The first anecdote is based on the research that social scientists did when they invented the science of jury selection. This happened in 1972, when seven radicals were about to go on trial in Harrisburg, Pennsylvania, for conspiracy to raid draft boards and destroy records, among other planned antiwar actions. This was a time of great political polarization and in a place that was characterized by political conservatism. The researchers, working on behalf of the antiwar activists’ lawyers, wanted to find a way to predict the political leanings of jurors so the lawyers could seat a jury that would be less conservative than one would choose at random from the Harrisburg population.
The social scientists surveyed citizens of that community to identify their political attitudes and then correlated these attitudes with other facts about the jurors. They discovered that the easiest way to predict a Harrisburger’s politics was to ask how much education the person had: The more educated the person was, the more conservative that person’s politics.
The researchers eventually realized why this was so: Young people in Harrisburg who became highly educated acquired the occupational mobility to leave the region if they were not conservative; therefore, the sample of highly educated people who remained had to be quite conservative. If the results of their survey surprised you, it’s because you didn’t stop to think about what the sample really was: not everyone who ever lived in Harrisburg, but rather those who remained—by choice or because they were less able to move out.

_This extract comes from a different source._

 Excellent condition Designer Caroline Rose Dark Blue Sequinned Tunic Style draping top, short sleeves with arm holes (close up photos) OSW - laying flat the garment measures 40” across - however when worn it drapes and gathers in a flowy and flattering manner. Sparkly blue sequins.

The second anecdote is from the Second World War. British bomber planes flying missions over Germany were often shot down by anti-aircraft fire. The Royal Air Force wanted to shield vulnerable parts of the aircraft with armor, but they wanted to use a minimal amount of armor to avoid weighing down (and slowing down) the planes. The RAF commissioned the statistician Abraham Wald to examine the planes after bombing missions to determine where on the planes’ undersides it was most critical to apply armor.
Wald counted bullet holes in the planes and recommended that armor be applied where there were the fewest bullet holes.

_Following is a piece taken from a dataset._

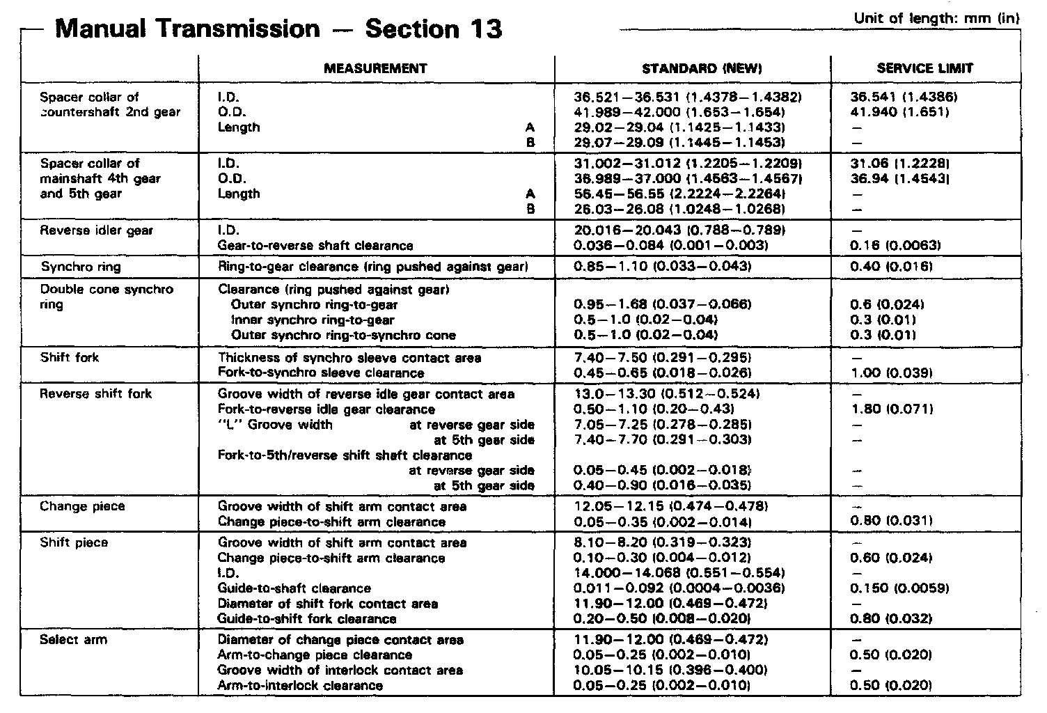 YS1 5-spd M/T, Gears, Synchro Rings & Shift Forks Clearances:

This may seem like a mistake to you. Maybe you’re thinking that armor is supposed to protect against anti-aircraft fire, so shouldn’t they have armored the places that got hit the most?
Again, consider the sample: Wald was not looking at every bomber that flew a mission, but rather those that returned from missions. Bombers that got shot down were removed from the sample. The bombers that returned and made up the sample were the ones that were hit only in places that were not critical for flying. The places where the surviving planes were not hit, therefore, were the most likely to be critical and in need of armor.

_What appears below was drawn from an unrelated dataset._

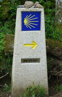 This is a very old Camino way marker. Too bad for the graffiti, but the elegance of the tablet in the stone is still clear.

If you’re wondering why I’m writing about this subject in a blog about careers, consider this blog entry a look at how complicated statisticians’ work can be, not so much in terms of the mathematics, but rather in terms of the concepts that must be understood.
The nonstatistical lesson to take away from these anecdotes is that you have to be careful when you make a generalization about a population—for example, that educated people are more liberal. Such generalizations may be true in some global sense, but the actual population you need to deal with may really be a subset of the global population, either self-selecting or selected by some exterior factor you have not considered.